=== Section Start ===
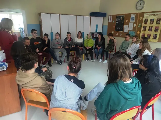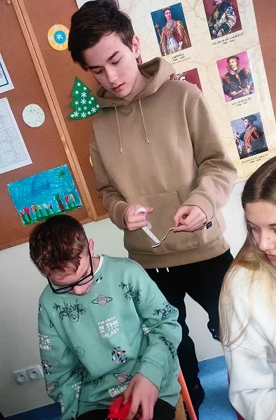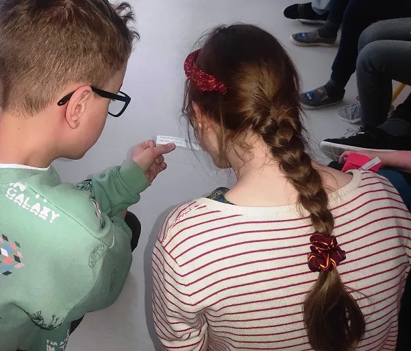 Poznawaliśmy się, uczniowie czytali samodzielnie lub z pomocą starszego kolegi i koleżanek wylosowane myśli motywacyjne. Byliśmy razem.
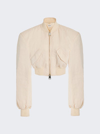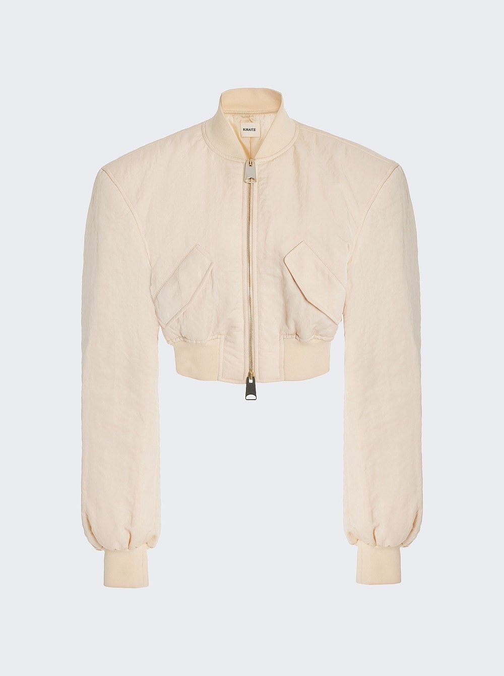 Details - Cropped bomber jacket - Strong shoulder - Textured satin - Bold zipper - Tonal knit collar, hem, and cuffs Dimensions: Model is 5'9"/175cm and is wearing a size S Composition: 100% polyamide; lining: 100% cupro Care: care according to label Brand Style: 61204080 W4080 Designer/Brand: KHAITE
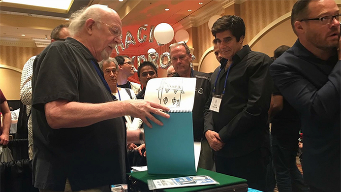 Effect: Spectator selects a card. Magician says he's drawn the card on a pad, and turns the pad around - it's an entire deck of cards! But not to worry - suddenly a drawing of the spectator's card magically rises from the drawing! You actually watch it rise - looks amazing! AND, the magician can tear out the page and hand it to the spectator as a souvenir!
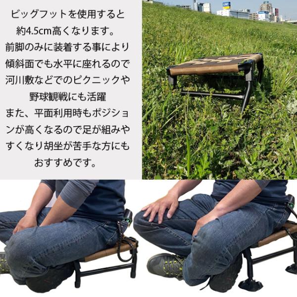AGURAユーザーの声から生まれたビッグフットは柔らかな地面での脚部の沈下で座面下がりを防ぐと共に微妙な地面の凹凸に対応します。
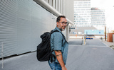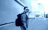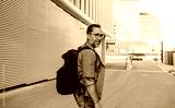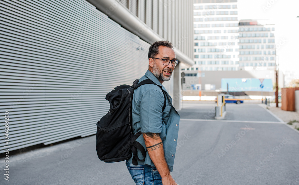 Handsome man with tattoos walking down the street.
=== Section End ===
# HOW TO COMPLETE THIS TASK
Pictures are to be left out; the lines from the start of the records above through the line holding "Details - Cropped" are to be returned exactly.

# SOLUTION
 Poznawaliśmy się, uczniowie czytali samodzielnie lub z pomocą starszego kolegi i koleżanek wylosowane myśli motywacyjne. Byliśmy razem.
 Details - Cropped bomber jacket - Strong shoulder - Textured satin - Bold zipper - Tonal knit collar, hem, and cuffs Dimensions: Model is 5'9"/175cm and is wearing a size S Composition: 100% polyamide; lining: 100% cupro Care: care according to label Brand Style: 61204080 W4080 Designer/Brand: KHAITE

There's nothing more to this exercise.